Bukti kepemilikan, berupa Letter C dan Kohir atas nama ahli waris, serta bukti pembayaran pajak sejak tahun 1990,  dianggap sebagai bukti kuat atas klaim mereka.
 
Kepala Desa Rancakasumba pun membenarkan pernyataan ahli waris terkait tidak adanya peralihan hak atas lahan tersebut. 

Ketidakjelasan asal usul kepemilikan lahan oleh Dinas PUTR Kabupaten Bandung sejak tahun 2016 menjadi sorotan utama.  

Pernyataan Dinas PUTR yang menyebut lahan tersebut sebagai tanah negara dianggap keliru dan tidak berdasar oleh ahli waris.
 
Hj. Reni Fauzie, Ketua DPRD Kabupaten Bandung, merespon positif aduan tersebut dan berjanji akan berkoordinasi dengan Komisi A dan C DPRD serta memanggil Dinas PUTR untuk mengklarifikasi permasalahan ini.  
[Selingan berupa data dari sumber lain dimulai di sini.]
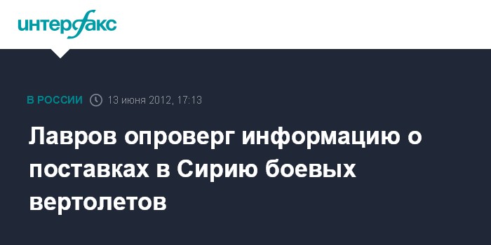 Тегеран. 13 июня. INTERFAX.RU - Глава МИД РФ Сергей Лавров опровергает информацию госсекретаря США Хилари Клинтон о том, что Москва поставляет сирийским властям боевые вертолеты.

Beliau menekankan pentingnya transparansi dan validitas data dalam penyelesaian sengketa ini.
 
Rd. H. Piar Pratama, S.H., Ketua Umum KPK Jabar,  menyatakan kesiapannya untuk memfasilitasi mediasi antara Dinas PUTR dan ahli waris.  

Namun,  beliau juga menegaskan bahwa jika ditemukan indikasi pelanggaran hukum, baik pidana umum maupun tindak pidana korupsi, proses hukum akan tetap ditempuh.  

Piar bahkan menantang Kepala Dinas PUTR, Zeis Zultaqwa, untuk beradu argumen dan data secara terbuka.
 
Pertemuan ini menjadi momentum penting dalam upaya mencari keadilan bagi ahli waris dan memastikan transparansi pengelolaan aset pemerintah daerah.  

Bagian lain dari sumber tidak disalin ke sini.